I will never again give anything like this to any of my dogs - I had two dogs who blew up like hot air balloons within a very short time of eating a pig ear. These things are animal parts that generally sit around a warehouse for unknown lengths of time, and especially with such high fat products, they become rancid.


----------



## Bender (Dec 30, 2008)

I have never had luck with them, my dogs all threw them up after eating them. Anything that's smoked/processed like that is off the list here. If it was a raw pig's ear I'd consider it, but once it's sprayed with who knows what and smoked.... just not worth it. Smoked food isn't all that healthy for humans either...

Lana


----------



## Willow52 (Aug 14, 2009)

I've never given one to Hank but Maggie would throw up after eating them.


----------



## goldensrbest (Dec 20, 2007)

NO, do not give to your dog, not good for them.


----------



## Jo Ellen (Feb 25, 2007)

Daisy's had a few pig ears, never had a problem with them.


----------



## eirepup (Apr 14, 2010)

Thanks for the advise I just presumed they were safe :doh: he never had them that often but I don't think I'll give them to him again. He doesn't like bones and we wouldn't have antlers or bully sticks here so I'll probably just stick to meat and kongs for treats and biscuit type treats. :thanks:


----------



## Sophie_Mom (Jan 21, 2009)

We don't feed them to Sophie. We've always had the best luck giving her bones from the meat department with marrow in them. She loves them!


----------



## eirepup (Apr 14, 2010)

Finn's a bit of a wierd dog when it comes to bones I've tried differrent kinds but the reaction has always been the same . . he gets really excited when I give them to him runs out to the garden gives them a few licks and then just leaves them there and shows no more interest. Strange dog! I brush his teeth though so meat, biscuit and kong treats are enough for him! Thanks!


----------



## jwemt81 (Aug 20, 2008)

We don't buy them, although we used to several years for our GSD ago before we knew better. I consider them to be in the same category as rawhide. Dogs can ingest sharp little pieces and you never know how fresh they are or where they came from. They're also really greasy and fatty and just plain gross. We stick with marrow bones and Nylabones.


----------



## GoldenMum (Mar 15, 2010)

What about lamb ears, they are much easier to digest, not greasy, and not smoked...what are your thoughts on them? My dogs love them as an occasional treat! Are they harmful like pig ears?


----------



## Lisa_and_Willow. (Dec 18, 2007)

You can get Bully sticks in the UK. I have seen them in farm stores but they are called Pizzles over here.


----------



## CarolinaCasey (Jun 1, 2007)

We've never had much luck with them. They were always a 'high value' item and would elicit the only resource guarding behavior that our dogs ever exhibited. It was easier to just simply not offer them. Besides, they're pretty fatty.

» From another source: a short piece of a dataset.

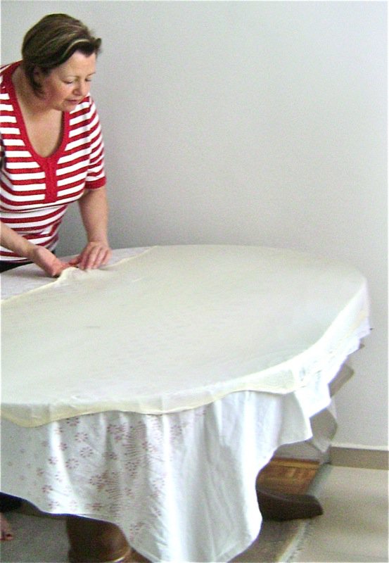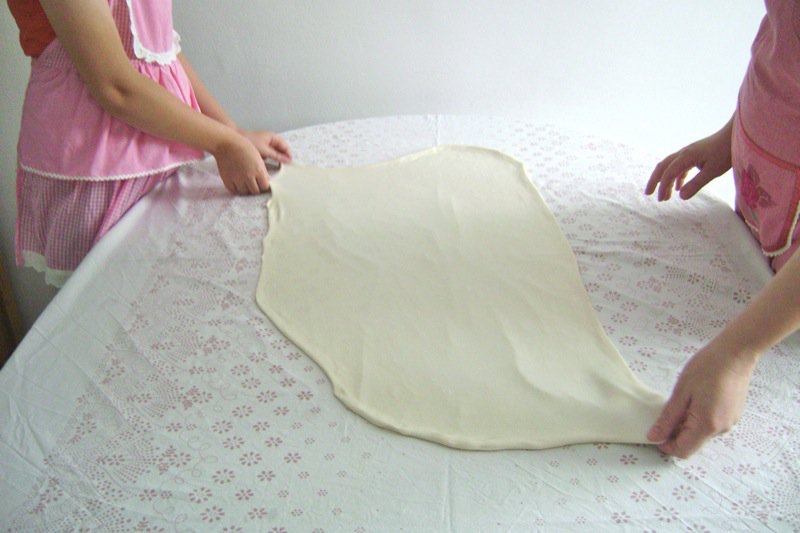 - Then, pull the dough out little by little around the table and around again until it covers the table and then pull it to just go over the edge of the table; use your fingers in a pinching motion very lightly

A nice alternative that we've found that the dogs just LOVE is the marrow bone. 
http://www.merrickpetcare.com/store/treats_detail.php?c=22&s=16012


----------



## MillysMom (Nov 5, 2008)

CarolinaCasey said:


> We've never had much luck with them. They were always a 'high value' item and would elicit the only resource guarding behavior that our dogs ever exhibited. It was easier to just simply not offer them. Besides, they're pretty fatty.
> 
> A nice alternative that we've found that the dogs just LOVE is the marrow bone.
> http://www.merrickpetcare.com/store/treats_detail.php?c=22&s=16012


Do you find those break at all like a cooked bone can be prone to? I only feed raw marrow bones when it comes to bones, so I'm not sure. Might be nice to have another chewing option.


----------



## kaysy (Jan 9, 2010)

So, with rawhide they can get chunks and have to be watched. Sorry, but bully sticks are out of the picture in our house...the ick factor. Marty gets flexible nylabones, large rope toys, Kongs, rawhide (for a few hours a week) and a whole carrot on Sat nights. Aren't bones in general really hard on the enamel of their teeth? I think of marrow bones as being like chewing on a rock. And what about antlers, I was going to check into them, but they're not good either? I don't want the "resourse guarding" and am working on it with current chews.


----------



## eirepup (Apr 14, 2010)

I think I'll pick up a nylabone tomorro haven't tried them. I know whet people mean when they say pigs ears can cause resource gaurding Finn was very bad with them when he was a puppy but I just used them to train him not to do it. I would take them off him and if he didn't growl give them straight back and if he did growl wait a few minutes before giving them back he stopped resource gaurded with people after practising this for a few days he still does it with dogs though.


----------



## Ranger (Nov 11, 2009)

Ranger loves the smoked marrow bones from the petstore but when I gave him a frozen, raw one from the grocery store...he went nuts!! Like he'd never seen a bone before! 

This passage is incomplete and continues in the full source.